Amitriptyline/Ketamine as Therapy for Neuropathic Pruritus and Pain Secondary to Herpes Zoster

February 2015 | Volume 14 | Issue 2 | Original Article | 115 | Copyright © February 2015


John R. Griffin MD and Mark D.P. Davis MD

Department of Dermatology, Mayo Clinic, Rochester, MN

Abstract
Frequent causes of morbidity secondary to herpes zoster include acute pain, secondary infection, and postherpetic neuralgia. A less documented complication is pruritus, which can be either acute or postinfectious when it persists more than 3 months after the rash has healed. We discuss a case of severe, acute neuropathic pruritus and pain secondary to active herpes zoster that was unresponsive to standard medical therapy, including oral antihistamines, topical lidocaine, oral gabapentin, and local wound care. Modest control of the pruritus and pain was achieved with continued multimodal therapy and the addition of topical 2% amitriptyline/0.5% ketamine gel.
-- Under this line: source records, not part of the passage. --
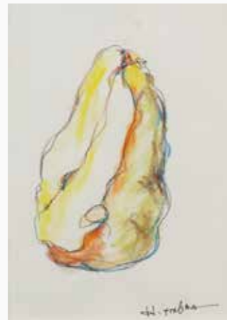
食べごろ (洋梨) 160×110 mm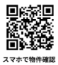
スマホで物件確認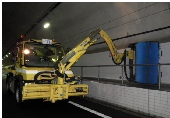
《トンネル側壁清掃》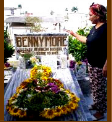
La tumba de Benny Moré.

Diseño, fotos y textos: Prof. Manuel Rivero Glean: mrglean@eaeht.tur.cu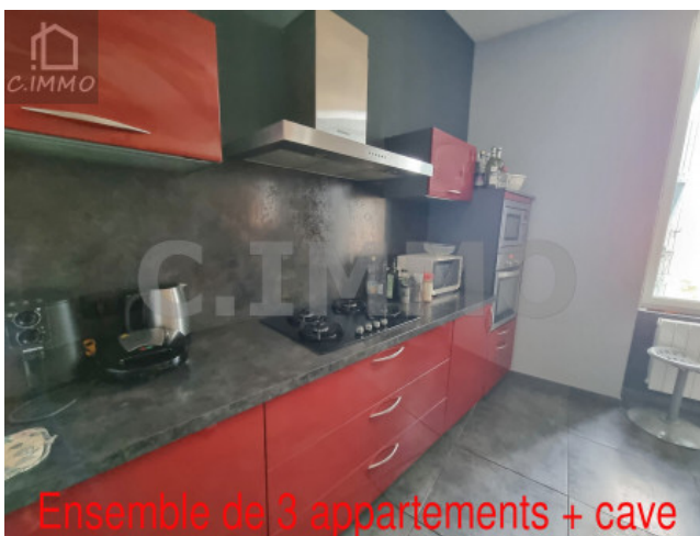
Ensemble de 3 appartements + cave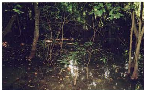
Abb. 46. Abuko unter Wasser.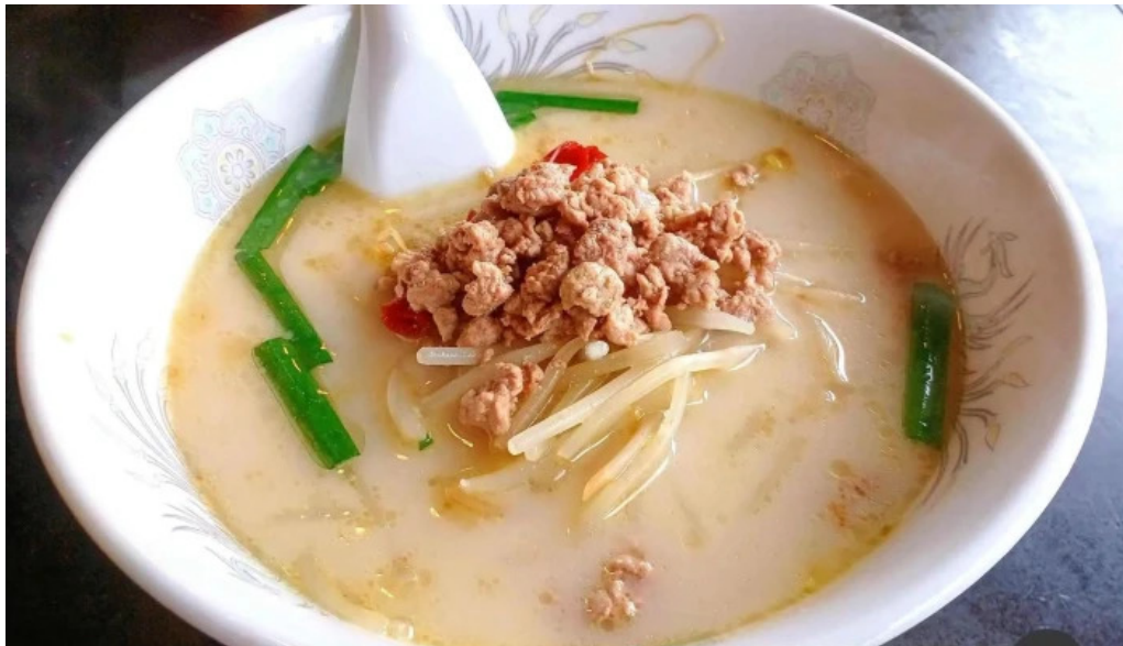
異龍軒 柏崎店 スープ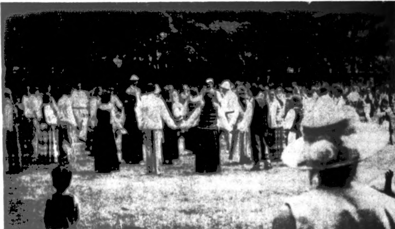
„Neringos“ stovyklos stovyklautojai atlieka programą Putnamo metinėje šventėje.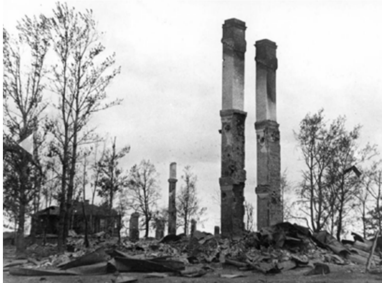
Одна из сожжённых фашистами деревень Ленинградской области.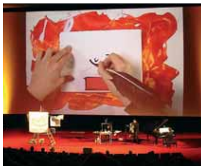
DECATRON plant, installiert und bedient auch Licht, Effekte und Ton.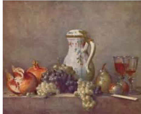
Raisins et grenades Jean Siméon CHARDIN - 1763 Musée du Louvre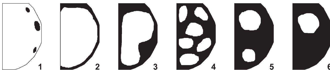
Рис. 1. Морфотипы Harmonia axyridis , различающиеся по рисунку надкрылий: 1 – succinea , 2 – aulica , 3 – intermedia , 4 – axyridis , 5 – spectabilis , 6 – conspicua .

Личинки младших возрастов ограничены в выборе жертвы. Тля должна соответствовать размерам хищника, который в первых двух личиночных возрастах не превышал по длине 3 мм (табл. 1). Чем меньше тля,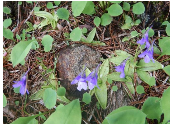
ムシトリスミレ 食虫植物です。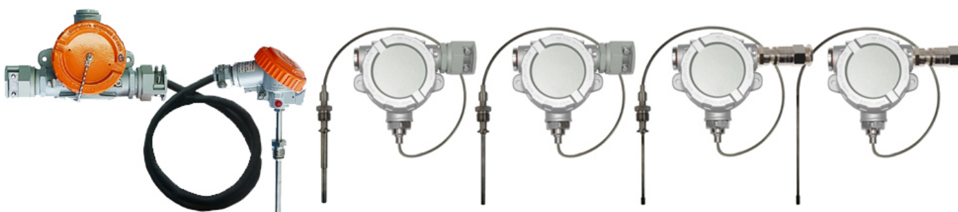
Рисунок 4 – Общий вид погружаемых кабельных взрывозащищенных ППТСК/Exd, ППТСК/Exdi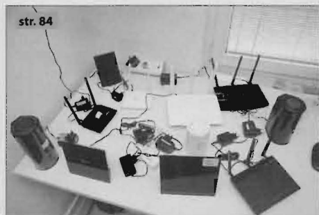
str. 84 Veliki test 802.11ac routera - U neobično raznolika kućišta proizvođači pakiraju routere nove generacije. Eto, i oni su počeli paziti na dizajn!

“ Cilj nam je bio napraviti temu koja će biti zanimljiva za čitanje čak i onima koji se uopće ne igraju, jer bavimo se fenomenima, a ne opisom samih igara. A za nas koji se igramo, ovo je odavanje počasti naslovima koji su značajno obilježili vrijeme u kojem živimo ”

J Drugs Dermatol. 2015;14(2):115-118.

INTRODUCTION

Acute herpetic pain has been noted to markedly impact health-related quality of life.1,2 No studies have attempted to quantify the impact of herpetic pruritus, acute or postinfectious, on quality of life, though epidemiologic data give voice to its relative frequency (up to 17% of acute cases) and individual reports bring to light its negative impact in selected cases.3-5 A proposed mechanism of herpetic pruritus and neuralgia cites neuronal necrosis and subsequent imbalance of pruritogenic and nociceptive inputs as the culprit.5 Unfortunately, many drugs that alleviate neuropathic pain do not have the same efficacy for relief of neuropathic itch in the individual patient.6

Case Report

A 64-year-old man with Crohn disease was admitted for enterocutaneous fistula takedown. He did not have a prior history of herpes zoster. During his postoperative stay, he had hyperalgesia, erythema, and vesicles in a left V1 distribution with ipsilateral conjunctivitis and keratitis (Figures 1 and 2). Treatment with intravenous acyclovir was begun, and varicella zoster virus was confirmed with polymerase chain reaction of blister fluid.
Three days after the skin eruption, the patient began to report itch in the area. Over the next 2 weeks, this symptom progressed to severe pruritus and burning pain, each rated by the patient as 10/10 on the visual analog scale, initially localized to the area of infection, and unrelenting. Over 3 days, the pruritus extended to include the bilateral scalp, though the pain remained localized to the area of infection. Initial treatment recommendations included wound care with dilute acetic acid wet dressings and twice daily 2.5% hydrocortisone cream. The patient reported that he had a decrease in his symptoms— to 8/10 and lasting for several hours—with this regimen. This treatment was continued for the remainder of his hospital stay. Oral gabapentin therapy was begun at a dosage of 300 mg 3 times daily and was titrated to up to 400 mg 3 times daily before his dismissal from the hospital, which occurred when his renal function had normalized.
Low-dose oral opioid therapy was discontinued in favor of nonopioid analgesics, given that opioids may cause considerable pruritus in some patients. Topical lidocaine patches were applied to intact surrounding skin every 12 hours. Therapy with oral hydroxyzine (25 mg daily) was started; however, it was used only intermittently because of the patient’s concern about associated somnolence. After the combination of these interventions, his itch was 7/10 or 8/10 for most of the day and 10/10 for the remainder.
At this point, the patient’s primary medical and surgical conditions had stabilized; however, his recalcitrant pruritus and pain prohibited his dismissal. Treatment of conjunctivitis and keratitis consisted of erythromycin ophthalmic ointment initially. Unfortunately, he also had an immune stromal keratitis, which required the addition of ophthalmic corticosteroids.